Convolutional neural networks (CNNs) were first introduced in 1980,43 and reformulated in 1999.44 CNNs are image-based DL architecture by calculating mathematical operation “convolution” to extract features of images. Convolution preserves the spatial relationship between pixels and is calculated by multiplying the image matrix with the filter matrix. Filters contain trainable weights which are optimized during training for feature extraction. With different filters, separate operations such as edge detection can be performed to one image. By stacking the convolutional layers, simple features will be gradually assembled to intact and complicated ones.45 The CNNs are applied to and show exciting performances in face recognition, images classification and object detection.40 In materials design problems, with the capacity of capturing features at different hierarchical levels, CNNs are well suited to describe the properties of materials (which innately have hierarchical levels), especially biomaterials. These hierarchical features are not just found in materials, but in many other representations of matter, sound and language, and hence universal to the description of key societal systems.46,47
Recurrent neural networks (RNNs) also gain popularity due to their capability of dealing with sequential data. In CNNs, inputs and outputs are supposed to be independent of each other, which might not be suitable for some tasks that emphasize the sequence of the data.
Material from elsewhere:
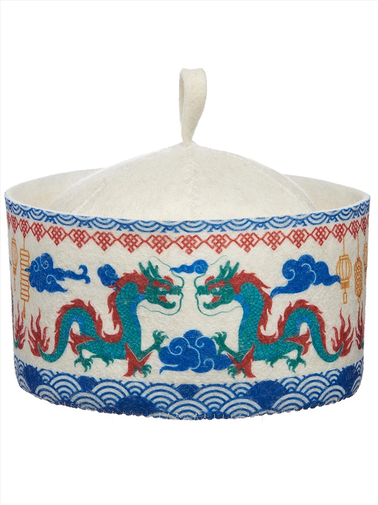 Шапка для бани "Драконы орнамент" нестандартной формы формы сделана из белого фетра премиум-качества и украшена ярким принтом с символом 2024 года.
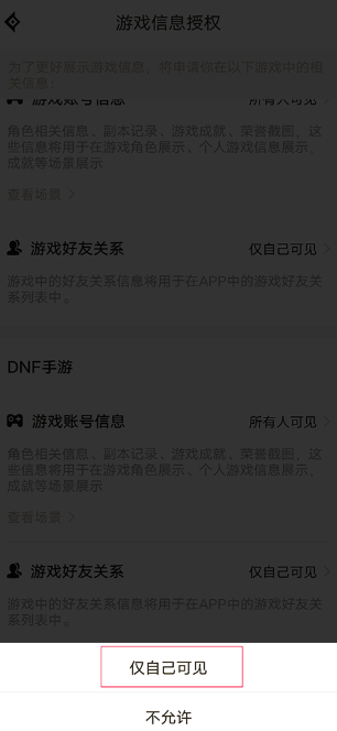 3、在“游戏账号信息”这一栏中,点击“所有人可见”这个按钮;

For instance, given an incomplete sentence, it would be difficult to predict the next word if the sequential structure of the sentence is omitted. Instead, RNNs act on the sequential data with the output being depended on the previous and later sequence and utilize “memories” in determining output of each layer or state. For RNNs with large depth, the gradient calculated by BP easily vanishes or explodes.48,49 To address this issue, plenty of mechanisms including Long short-term memory (LSTM),50 Gated recurrent unit (GRU),51 ResNet52 and Attention53,54 have been developed, increasing the impact of RNNs in NLP tasks such as language translation and speech processing. RNNs also shed light on scientific problems such as protein folding and de novo protein design.55–57
Generative models have been established to generate new data points based on the distribution of existing data. An intriguing and successful category of architectures among them are generative adversarial networks (GANs),58 which consist of two neural networks, the generator and the discriminator. The generator proposes new data instances and the discriminator compares the generated data with the real data. These two components contest with each other during the training as the generator aims to “fool” the discriminator by producing more genuine images while the discriminator attempts to distinguish real images from false images as accurately as possible. GANs reach convergence when the generator and the discriminator are at Nash equilibrium. The process of balancing the performances of the generator and the discriminator is somewhat similar to equilibrating a physical system with both attractive and repulsive forces which indicates that GANs can potentially shed light on describing physical phenomena. Furthermore, with the objective of generating fake data with restricted conditions or characteristics, a subtype of GANs named conditional GANs (cGANs)59 have been developed which include labels as a control variable. One of the applications of cGANs is image-to-image translation60,61 in which an image is used as the constrain of the generator. Unlike GANs, variational autoencoder (VAE)62 is another type of generative models that uses one neural network which first encodes the input data into an inexplainable code named as latent code and then decodes the latent code to reconstruct the output.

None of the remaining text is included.